## Data records
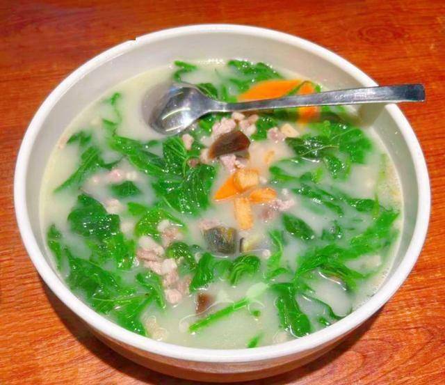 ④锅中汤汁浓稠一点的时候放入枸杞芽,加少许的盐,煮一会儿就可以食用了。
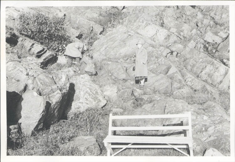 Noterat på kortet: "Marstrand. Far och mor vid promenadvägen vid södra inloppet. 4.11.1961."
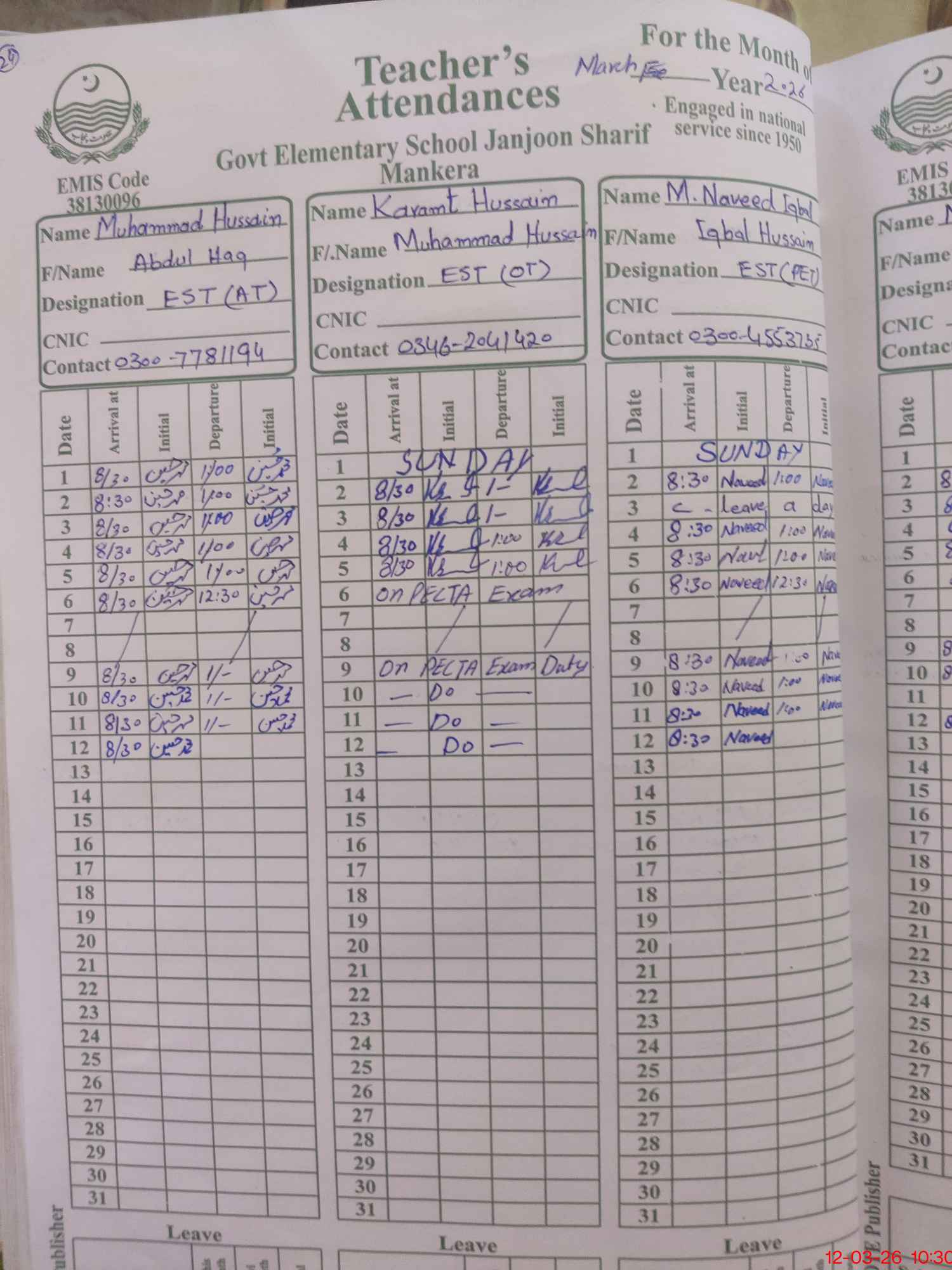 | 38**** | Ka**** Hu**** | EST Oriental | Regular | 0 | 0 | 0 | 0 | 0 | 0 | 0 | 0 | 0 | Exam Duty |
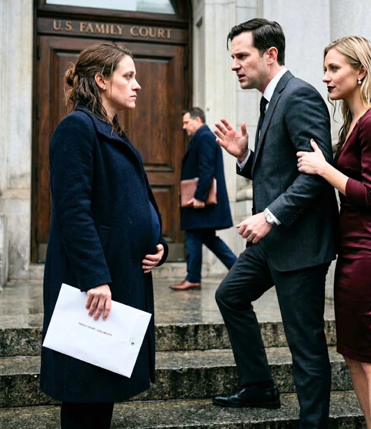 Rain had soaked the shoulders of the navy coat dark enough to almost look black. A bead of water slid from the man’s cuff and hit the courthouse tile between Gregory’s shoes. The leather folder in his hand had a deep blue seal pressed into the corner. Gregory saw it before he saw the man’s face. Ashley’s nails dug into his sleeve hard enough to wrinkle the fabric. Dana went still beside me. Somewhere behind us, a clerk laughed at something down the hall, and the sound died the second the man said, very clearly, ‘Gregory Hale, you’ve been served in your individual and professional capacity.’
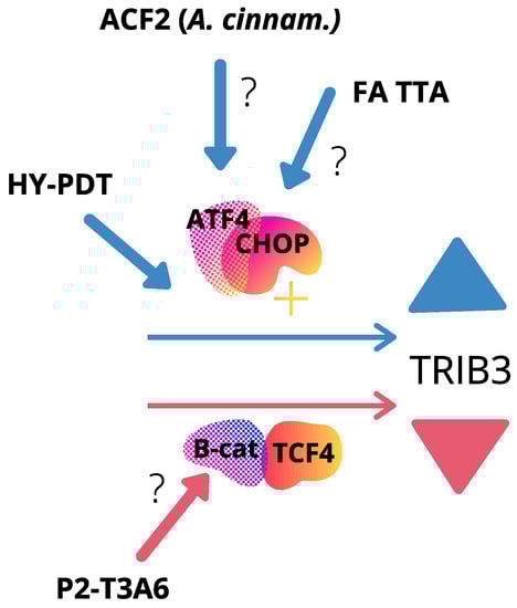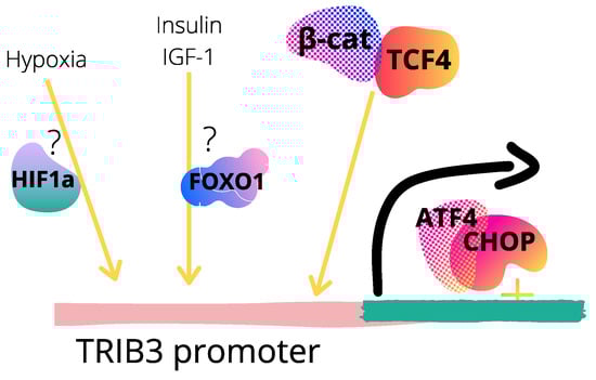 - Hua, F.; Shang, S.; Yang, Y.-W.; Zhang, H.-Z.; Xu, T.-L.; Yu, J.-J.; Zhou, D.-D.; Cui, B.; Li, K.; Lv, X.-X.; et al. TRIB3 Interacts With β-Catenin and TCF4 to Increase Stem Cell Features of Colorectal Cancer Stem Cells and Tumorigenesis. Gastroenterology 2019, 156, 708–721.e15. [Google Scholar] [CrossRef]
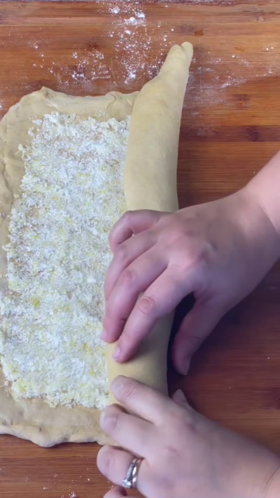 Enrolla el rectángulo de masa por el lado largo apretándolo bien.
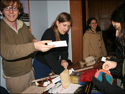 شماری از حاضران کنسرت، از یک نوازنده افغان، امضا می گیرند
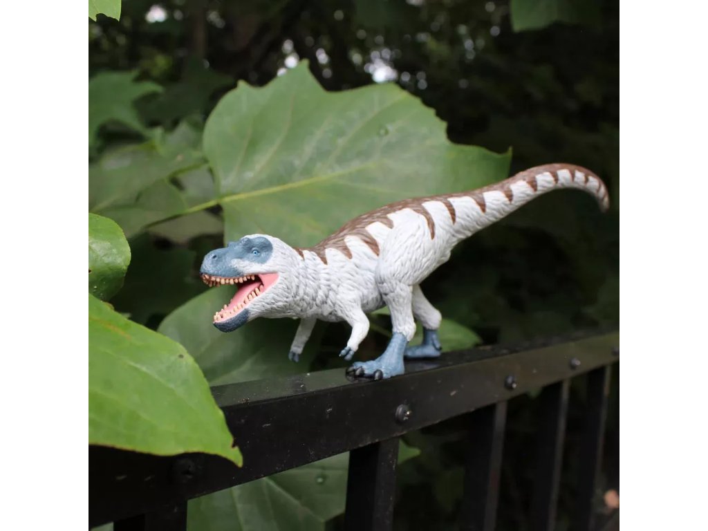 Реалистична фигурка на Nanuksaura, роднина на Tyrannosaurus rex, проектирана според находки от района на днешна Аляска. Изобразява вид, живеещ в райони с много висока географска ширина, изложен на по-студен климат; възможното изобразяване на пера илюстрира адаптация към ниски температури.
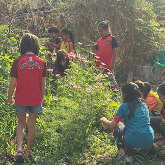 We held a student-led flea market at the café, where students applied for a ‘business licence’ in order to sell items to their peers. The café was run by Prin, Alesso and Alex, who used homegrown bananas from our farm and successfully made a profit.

## The task
An exact transcription is needed of the lines from the one with "Enrolla el rectángulo" to the one with "Реалистична фигурка на" above, both ends included, with pictures left out.

## Response
 Enrolla el rectángulo de masa por el lado largo apretándolo bien.
 شماری از حاضران کنسرت، از یک نوازنده افغان، امضا می گیرند
 Реалистична фигурка на Nanuksaura, роднина на Tyrannosaurus rex, проектирана според находки от района на днешна Аляска. Изобразява вид, живеещ в райони с много висока географска ширина, изложен на по-студен климат; възможното изобразяване на пера илюстрира адаптация към ниски температури.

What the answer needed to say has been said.